====== AVAILABLE DATA ======
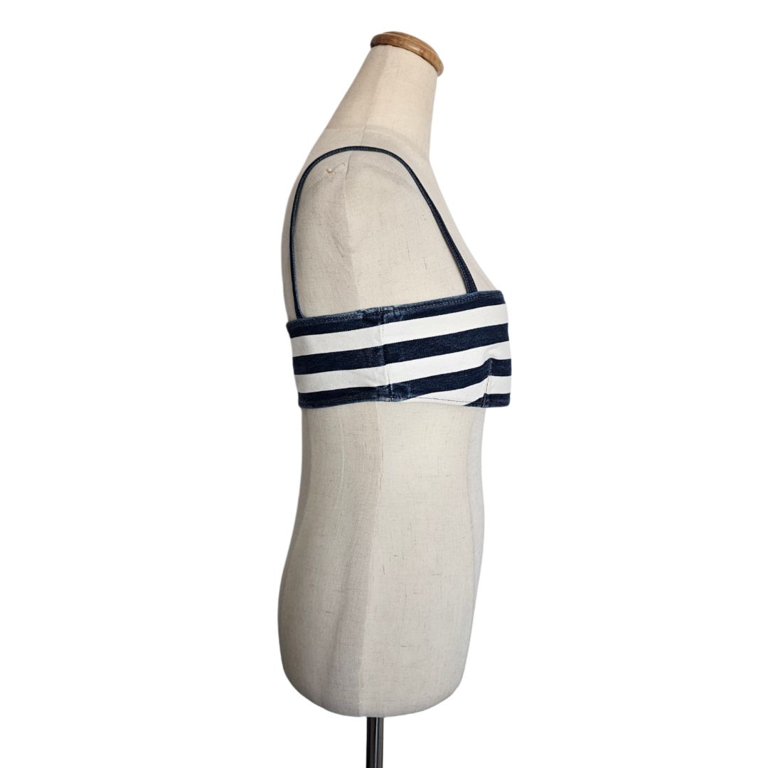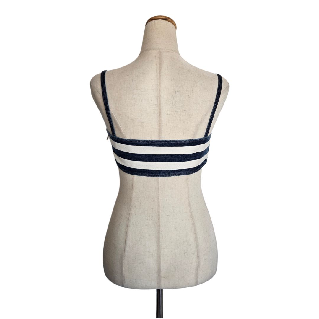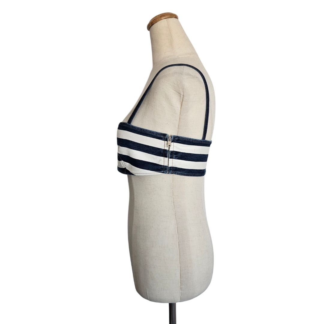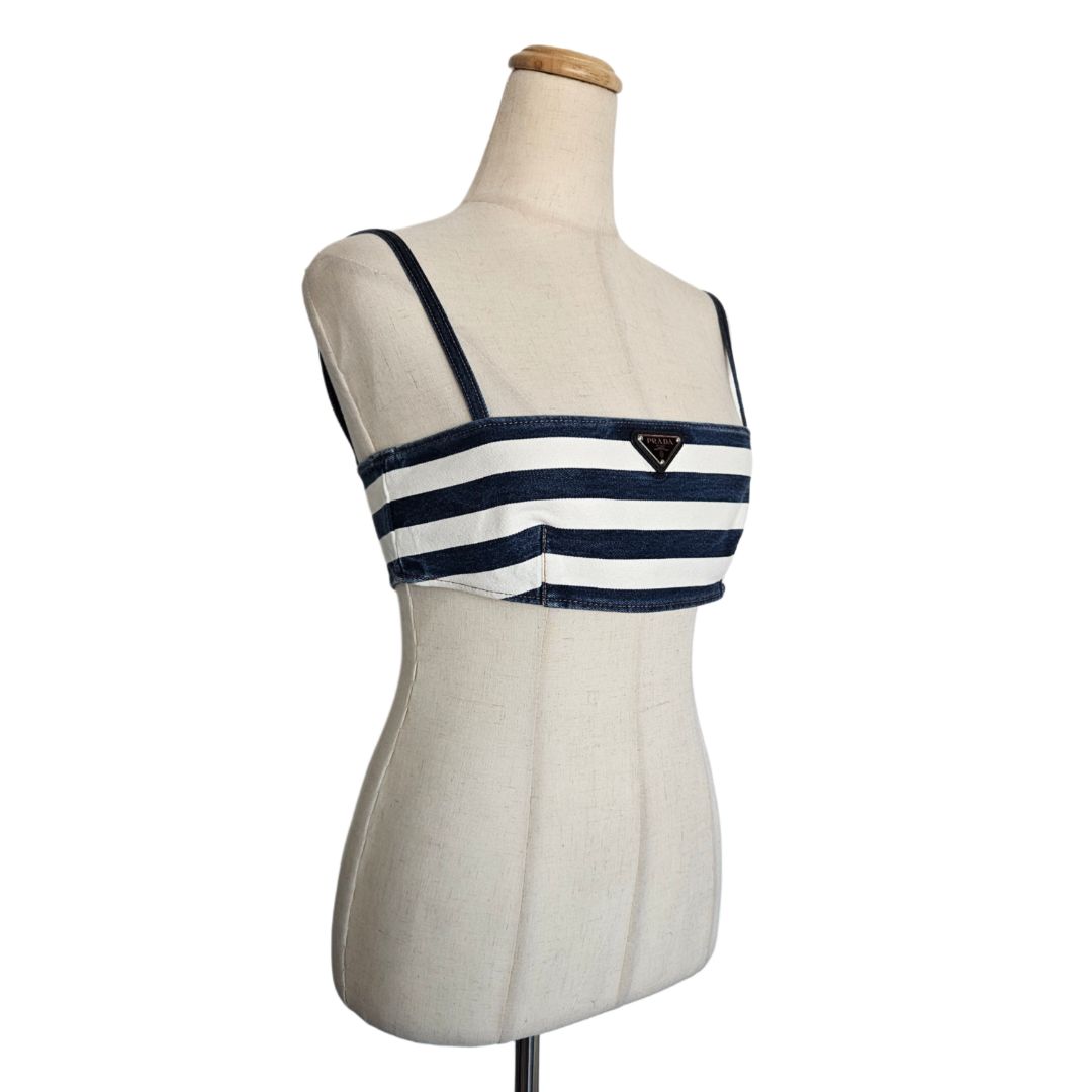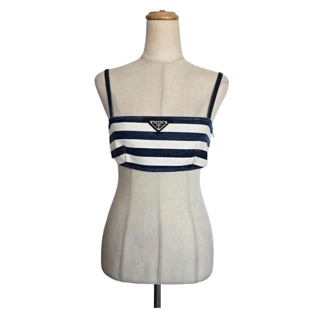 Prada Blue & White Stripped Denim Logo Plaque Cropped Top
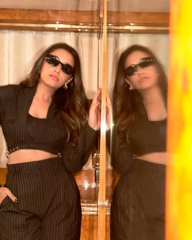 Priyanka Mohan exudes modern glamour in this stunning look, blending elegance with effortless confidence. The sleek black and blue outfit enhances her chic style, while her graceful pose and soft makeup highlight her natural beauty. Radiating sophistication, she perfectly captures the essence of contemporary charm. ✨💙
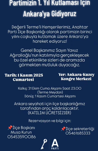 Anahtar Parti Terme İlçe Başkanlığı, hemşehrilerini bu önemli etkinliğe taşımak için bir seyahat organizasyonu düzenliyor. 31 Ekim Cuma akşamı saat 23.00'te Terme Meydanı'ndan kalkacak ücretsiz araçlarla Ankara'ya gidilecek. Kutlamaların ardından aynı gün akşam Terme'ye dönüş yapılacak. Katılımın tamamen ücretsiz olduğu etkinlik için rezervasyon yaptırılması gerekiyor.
======
AIM OF THE EXERCISE: Retype the listing verbatim, minus every image.

RESULT OF THIS TASK:
 Prada Blue & White Stripped Denim Logo Plaque Cropped Top
 Priyanka Mohan exudes modern glamour in this stunning look, blending elegance with effortless confidence. The sleek black and blue outfit enhances her chic style, while her graceful pose and soft makeup highlight her natural beauty. Radiating sophistication, she perfectly captures the essence of contemporary charm. ✨💙
 Anahtar Parti Terme İlçe Başkanlığı, hemşehrilerini bu önemli etkinliğe taşımak için bir seyahat organizasyonu düzenliyor. 31 Ekim Cuma akşamı saat 23.00'te Terme Meydanı'ndan kalkacak ücretsiz araçlarla Ankara'ya gidilecek. Kutlamaların ardından aynı gün akşam Terme'ye dönüş yapılacak. Katılımın tamamen ücretsiz olduğu etkinlik için rezervasyon yaptırılması gerekiyor.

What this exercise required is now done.